Only the pictures should be dropped; every line of the data must come back exactly as written.

* * * * *

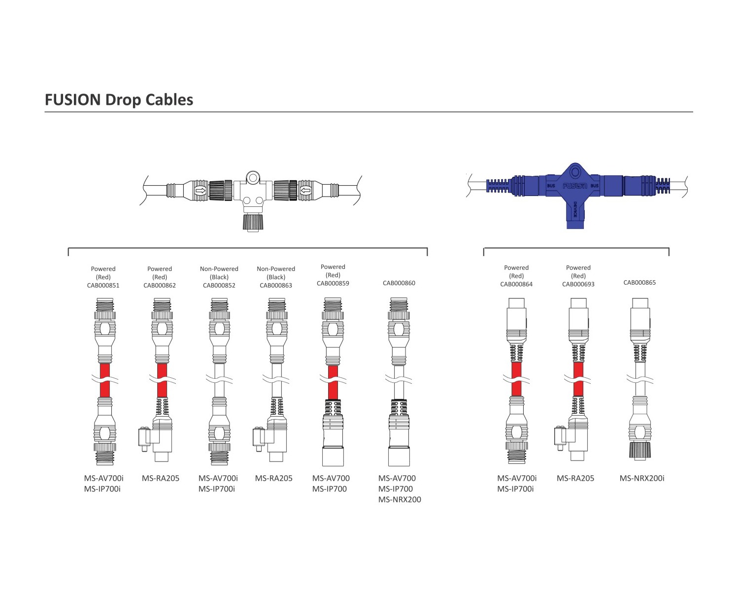 Tous les câbles nécessaire au câblage de votre stéréo marine FUSION compatible sur un réseau NMEA2000, existant, ou non.
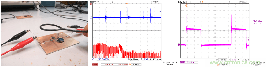 转换器的电源输入来自于三只串联的锂离子电池,电压大约为12V,这就使它们和实验室里的其他设备没有了直接联系。一只电解电容跨接在电池的引线上,这可消除电池电感可能导致的谐振问题。
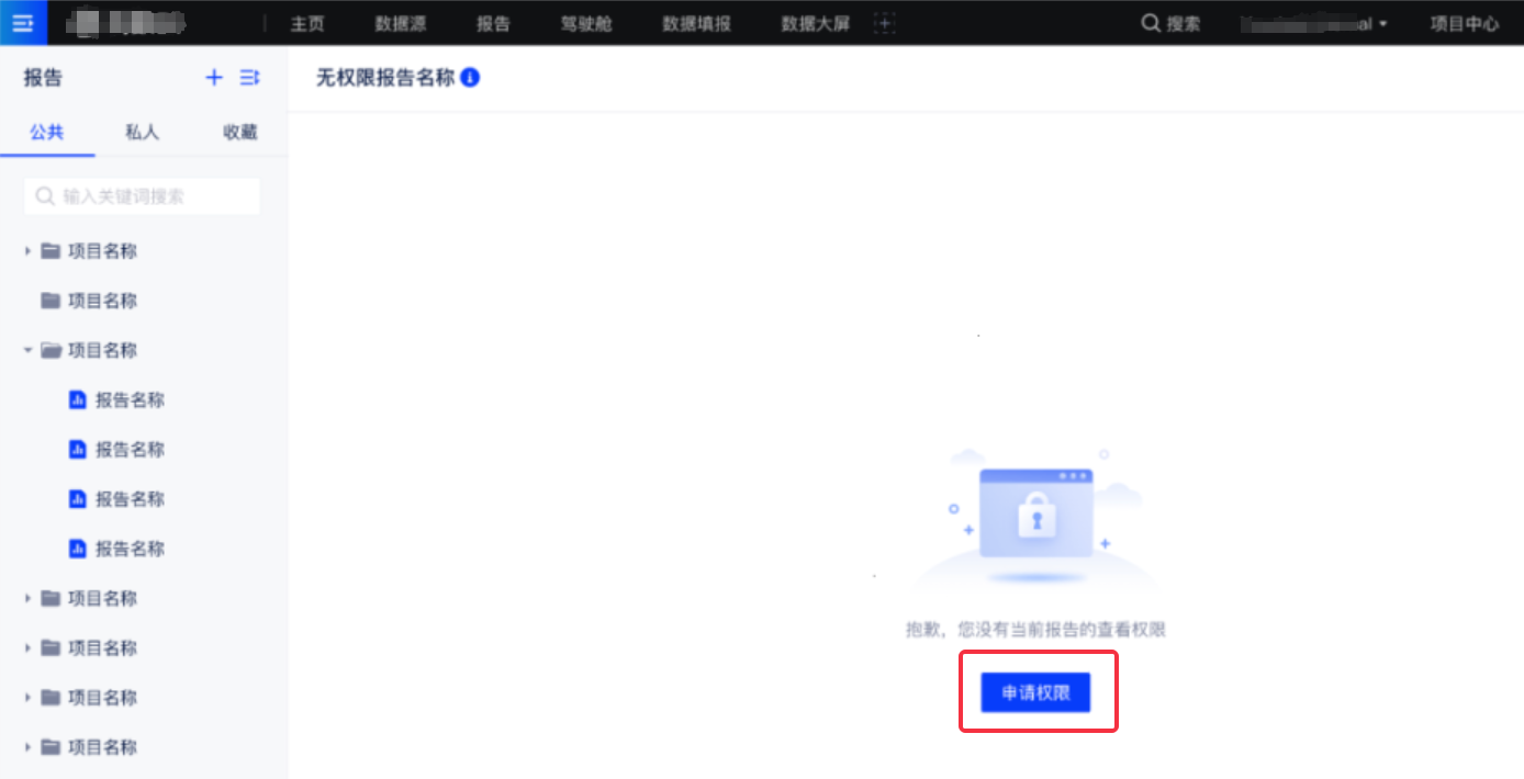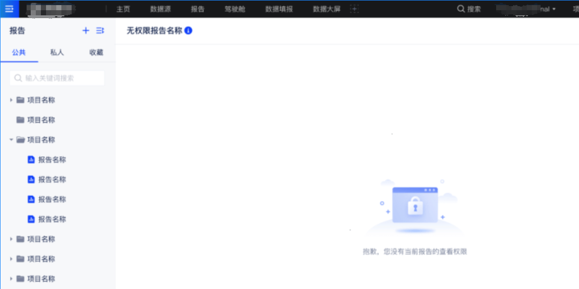 依次点击项目中心-权限管理-角色管理,在角色编辑界面勾选“无权仍可见”选项后保存(已支持报告和数据填报,后续将支持其他类型资源),之后拥有该角色的用户就可以通过资源列表或者链接看到没有查看权限的资源,但只能看到标题。
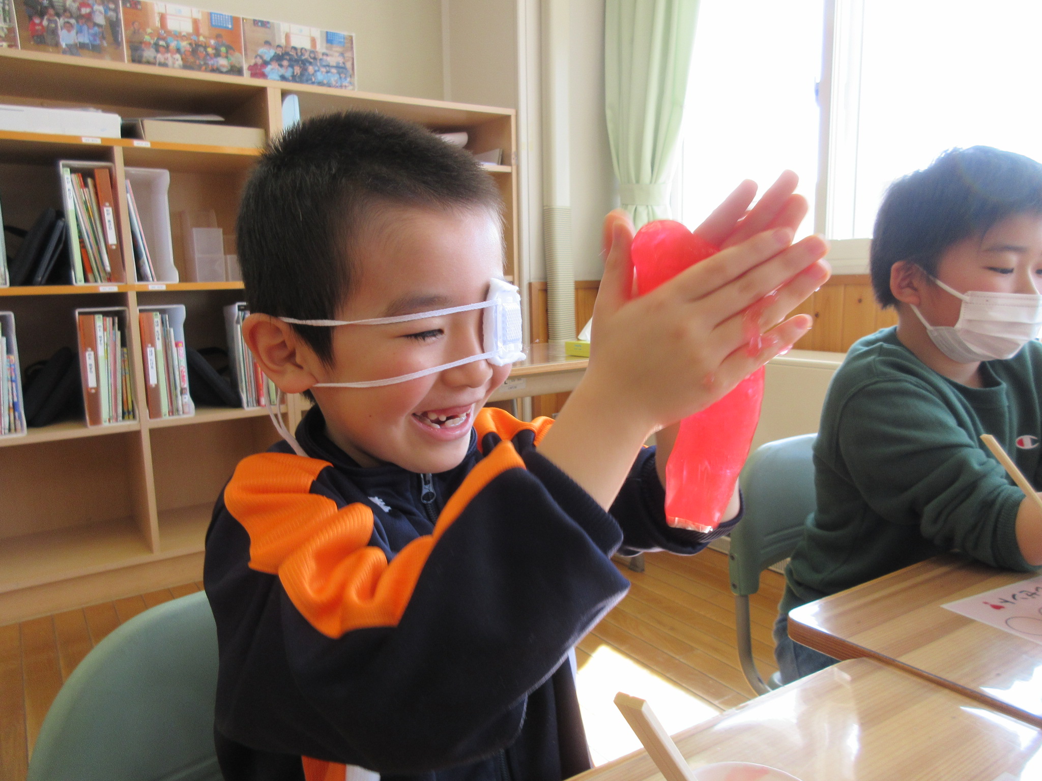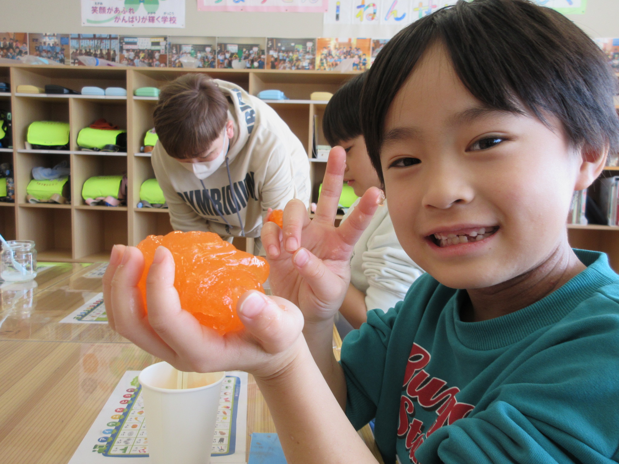 みんなの笑顔が輝いた時間でした。1年生の友だちからも「さきちゃん、すごいね。」「スライム作れたのもさきちゃんのおかげだね。」とさきちゃんをほめる言葉がたくさん聞かれました。
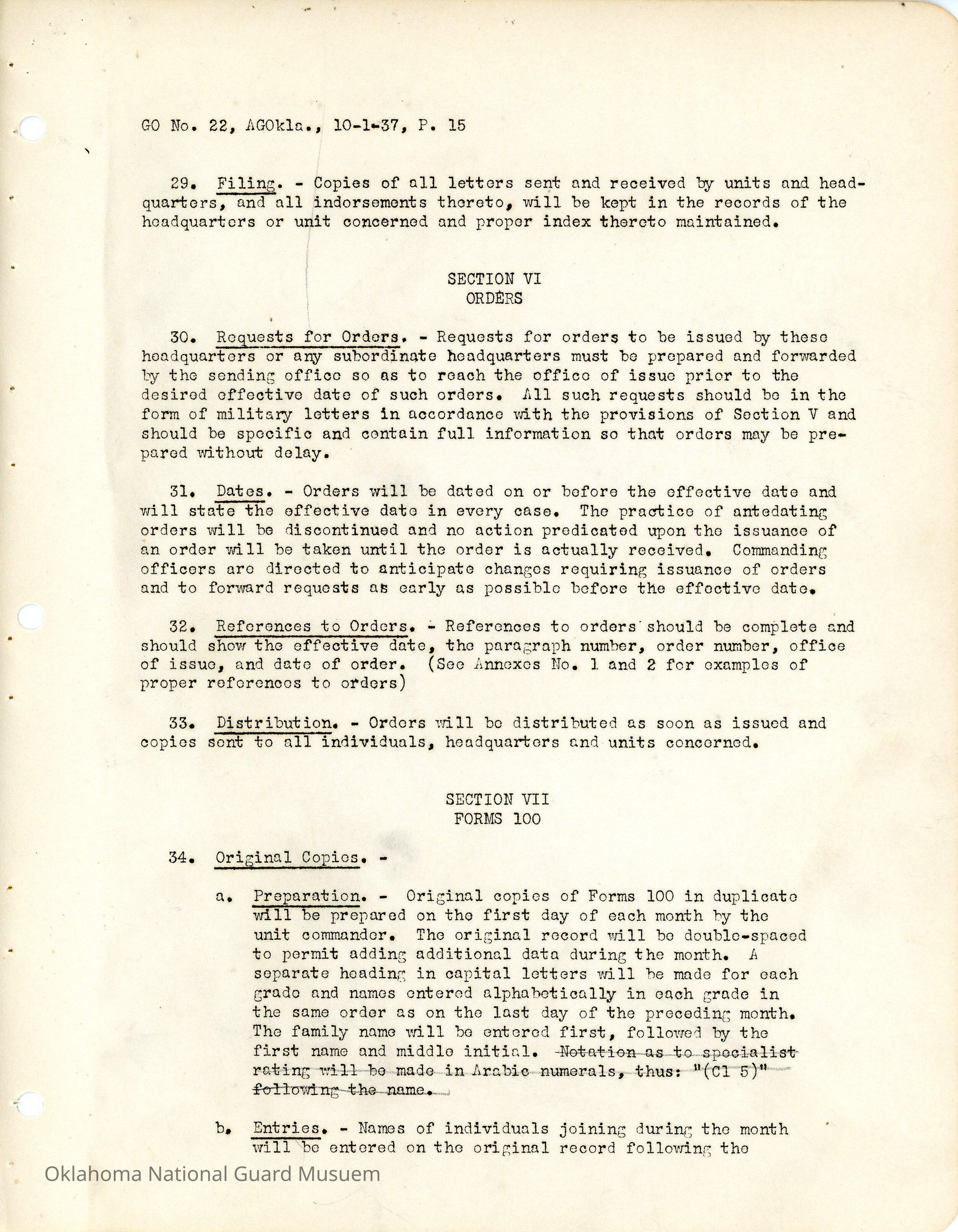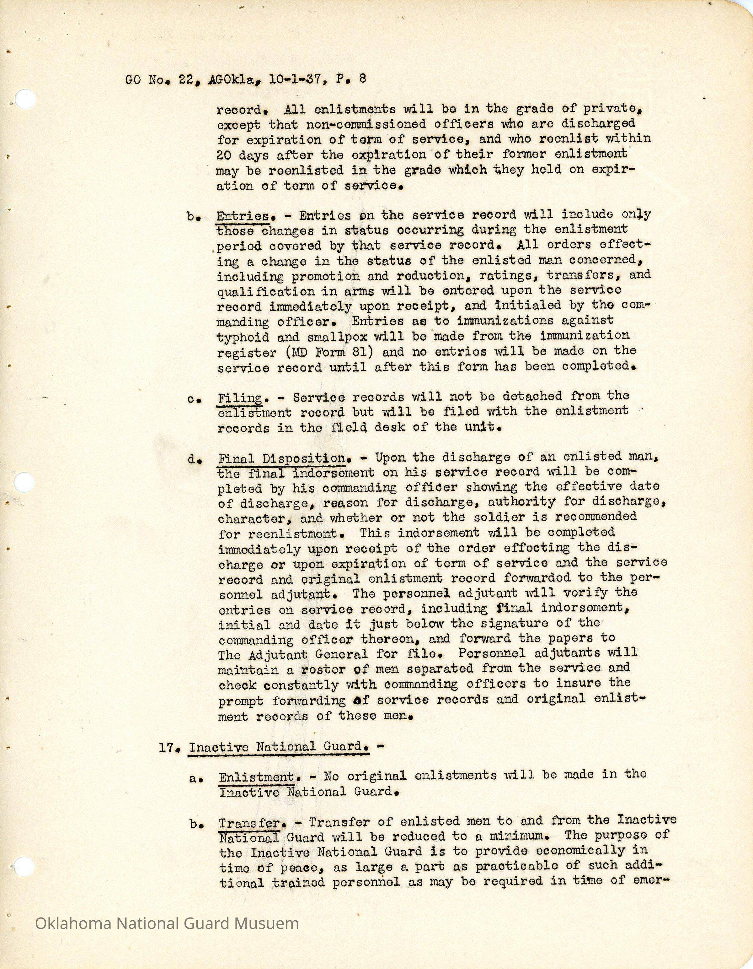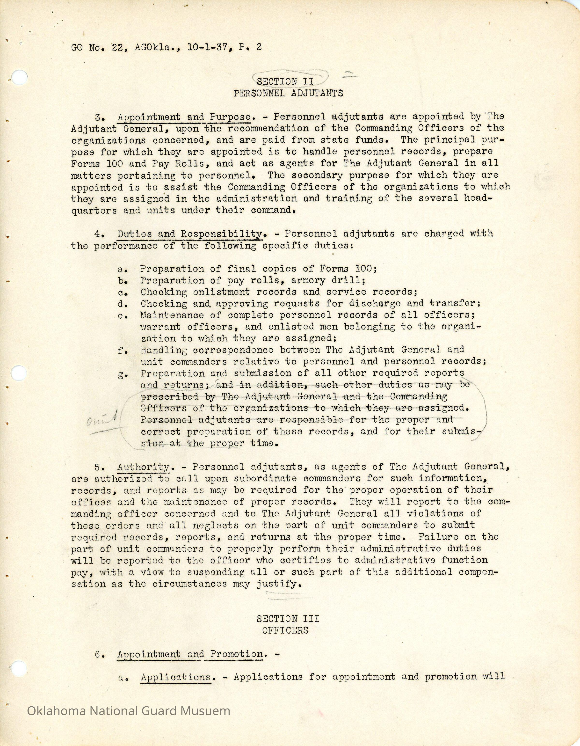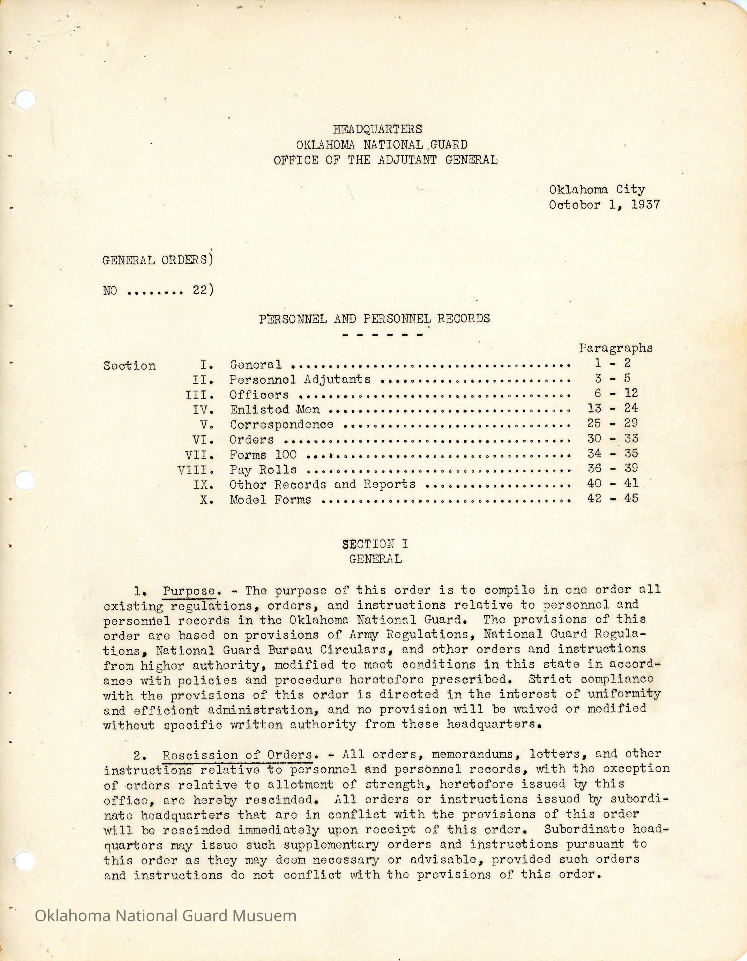 General Order #22 from Headquarters Adjutant General's Office in Oklahoma City. The order compiles all existing regulations, orders, and instructions related to personnel and personnel records in the Oklahoma National Guard. It also rescinds all previous orders, memorandums, letters, and other instructions relative to personnel.Date(s) of Creation
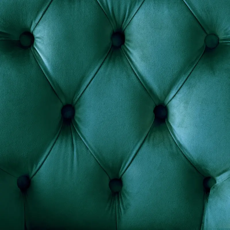 The Saxon Dining Chair brings a refined presence to any dining space. It features a button-tufted backrest, black tapered legs, and a subtle pull ring on the rear.
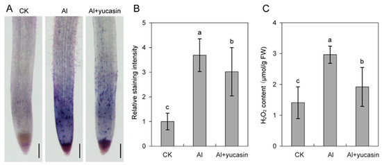 ROS include H2O2 and O2−, important signals for plants to respond to abiotic stresses. The appropriate level of ROS signal mediates plant response to stress by activating downstream resistance genes. Meanwhile, excessive ROS accumulation causes oxidative stress to plants, exacerbating the damage of stress to plants. To investigate whether yucasin mitigates Al toxicity in tomato seedlings by modulating ROS production, we analyzed the H2O2 content in tomato seedlings and monitored the level and distribution of O2− in tomato root tips using NBT staining. As shown in Figure 3, Al treatment triggers ROS production in tomato seedlings. ROS bursts mainly occurred in the meristematic and transitional zones of the tomato roots. In contrast, exogenous yucasin application significantly reduced ROS accumulation (Figure 3). The results suggest that plant root tips are the primary target sites for Al3+, while yucasin mitigates Al phytotoxicity by regulating Al-induced ROS accumulation in seedlings.
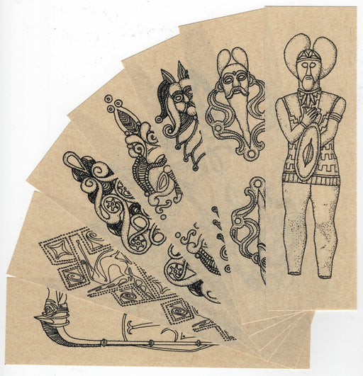 Lesezeichen mit keltischen Flechtmustern: auf Rohhaut-Imitat aus festem Papier gedruckt, mit Bunt- oder Filzstiften bemalbar, in Schutzhülle mit Sc...
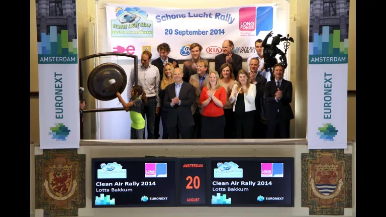 Met de gongslag vraagt de 9-jarige Lotta Bakkum, voormalig astma patiënt, aandacht voor de Schone Lucht Rally voor elektrische en plug-in hybride auto’s op 20 september.
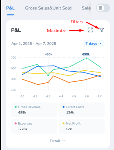 The P&L graph visualizes your financial performance over time. This allows you to quickly spot trends, spikes, or declines in revenue and profit.
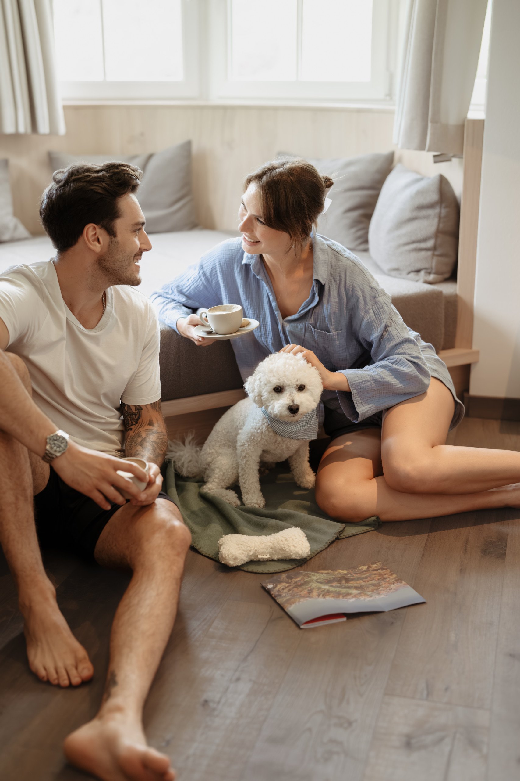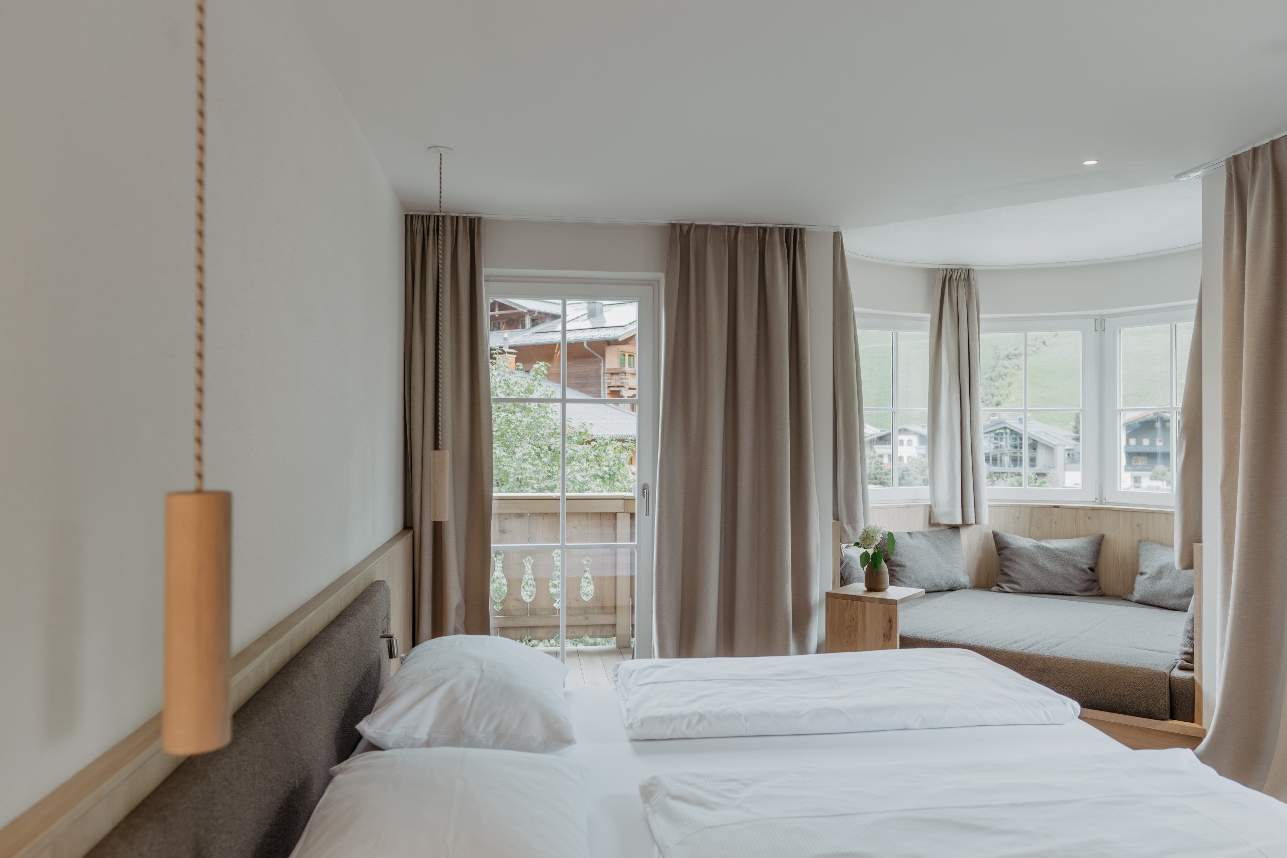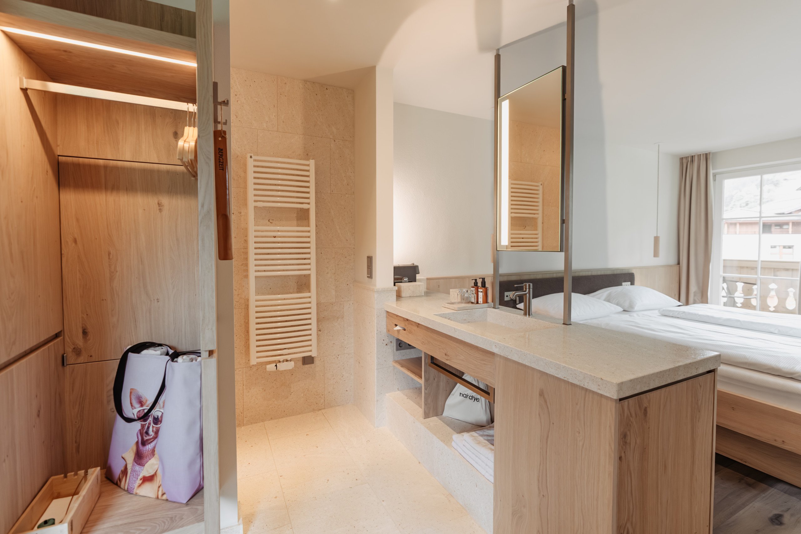 Bright panorama suite, spacious double bed, natural wood flooring, cozy relaxation area in the bay window tower with stunning mountain views, private and furnished balcony, Wi-Fi, in-room safe, smart TV, mini fridge, coffee machine, open-plan bathroom with natural stone, shower, separate WC, hairdryer, heated towel rack.

* * * * *

■ **Problem solution**
 Tous les câbles nécessaire au câblage de votre stéréo marine FUSION compatible sur un réseau NMEA2000, existant, ou non.
 转换器的电源输入来自于三只串联的锂离子电池,电压大约为12V,这就使它们和实验室里的其他设备没有了直接联系。一只电解电容跨接在电池的引线上,这可消除电池电感可能导致的谐振问题。
 依次点击项目中心-权限管理-角色管理,在角色编辑界面勾选“无权仍可见”选项后保存(已支持报告和数据填报,后续将支持其他类型资源),之后拥有该角色的用户就可以通过资源列表或者链接看到没有查看权限的资源,但只能看到标题。
 みんなの笑顔が輝いた時間でした。1年生の友だちからも「さきちゃん、すごいね。」「スライム作れたのもさきちゃんのおかげだね。」とさきちゃんをほめる言葉がたくさん聞かれました。
 General Order #22 from Headquarters Adjutant General's Office in Oklahoma City. The order compiles all existing regulations, orders, and instructions related to personnel and personnel records in the Oklahoma National Guard. It also rescinds all previous orders, memorandums, letters, and other instructions relative to personnel.Date(s) of Creation
 The Saxon Dining Chair brings a refined presence to any dining space. It features a button-tufted backrest, black tapered legs, and a subtle pull ring on the rear.
 ROS include H2O2 and O2−, important signals for plants to respond to abiotic stresses. The appropriate level of ROS signal mediates plant response to stress by activating downstream resistance genes. Meanwhile, excessive ROS accumulation causes oxidative stress to plants, exacerbating the damage of stress to plants. To investigate whether yucasin mitigates Al toxicity in tomato seedlings by modulating ROS production, we analyzed the H2O2 content in tomato seedlings and monitored the level and distribution of O2− in tomato root tips using NBT staining. As shown in Figure 3, Al treatment triggers ROS production in tomato seedlings. ROS bursts mainly occurred in the meristematic and transitional zones of the tomato roots. In contrast, exogenous yucasin application significantly reduced ROS accumulation (Figure 3). The results suggest that plant root tips are the primary target sites for Al3+, while yucasin mitigates Al phytotoxicity by regulating Al-induced ROS accumulation in seedlings.
 Lesezeichen mit keltischen Flechtmustern: auf Rohhaut-Imitat aus festem Papier gedruckt, mit Bunt- oder Filzstiften bemalbar, in Schutzhülle mit Sc...
 Met de gongslag vraagt de 9-jarige Lotta Bakkum, voormalig astma patiënt, aandacht voor de Schone Lucht Rally voor elektrische en plug-in hybride auto’s op 20 september.
 The P&L graph visualizes your financial performance over time. This allows you to quickly spot trends, spikes, or declines in revenue and profit.
 Bright panorama suite, spacious double bed, natural wood flooring, cozy relaxation area in the bay window tower with stunning mountain views, private and furnished balcony, Wi-Fi, in-room safe, smart TV, mini fridge, coffee machine, open-plan bathroom with natural stone, shower, separate WC, hairdryer, heated towel rack.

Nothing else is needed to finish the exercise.